A synthetic DNA vaccine has successfully triggered an immune response in rhesus macaques and protects the animals from Middle East Respiratory Syndrome, according to researchers.
The study, published in the journal Science Translational Medicine, is one of the few to demonstrate such a complete response in monkeys; it’s a first for a DNA vaccine against MERS.
“One-hundred percent of the animals developed antibodies after just two injections,” said David Weiner, a molecular immunologist at the University of Pennsylvania and the senior author of the new work. “And 100 percent of the animals were protected when challenged with a disease-causing strain.”
The MERS coronavirus produces a severe respiratory illness in people, and is deadly in 30 to 40 percent of cases. Although camels are thought to initially transmit the virus to humans, those infected can spread it to other people by coughing.
Indeed, an outbreak of MERS in South Korea earlier this summer sickened more than 180 people and led to 36 deaths. According to the World Health Organization, last week Saudi Arabia reported 12 cases over a three-day period. No specialized treatments or vaccines exist for the disease.

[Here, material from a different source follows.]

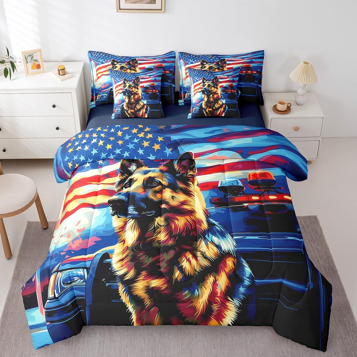 7 Pieces Twin Size German Shepherd Dog Comforter Set,Tie-dye Graffiti American Flag Bedding Set for Boys Men,Police Car Animal Pet (Comforter+Fitted+

In the current study, researchers vaccinated eight macaques three times over six weeks. Shortly after vaccination, the animals began churning out specific antibodies and also mounted a T cell response. When challenged with the MERS virus, just two of the vaccinated monkeys developed small lesions in the lungs, and those cleared within a few days, Weiner said. In contrast, the four control macaques developed severe pneumonia-like symptoms that persisted until the end of the study.
Other experiments showed the vaccine could produce neutralizing antibodies in camels, a natural host of the MERS virus.
The newly tested vaccine is a piece of DNA that includes sequences from a variety of different MERS viruses’ spike proteins — a design accomplished on the computer that makes it more difficult for the virus to simply mutate and render the vaccine ineffective. Because it’s just nucleic acid, Weiner said, it doesn’t pose the same risks as a traditional vaccine.
“It’s non-live and it doesn’t grow, and it can’t spread,” he said.
To work, the DNA must enter cells where the spike protein is temporarily made and available for the body to react to. In this case, scientists relied on delivery technology developed by Inovio Pharmaceuticals, a biotech company based in Plymouth Meeting that contributed to and partly funded the research.
“We use a delivery system that uses a small short burst of electrical energy to coax open our cell membrane to allow our products to get into our cells,” explained J. Joseph Kim, the Inovio president and CEO.
Given the promising results, he said, the company will begin a phase I clinical trial by the end of the year to evaluate vaccine safety in people.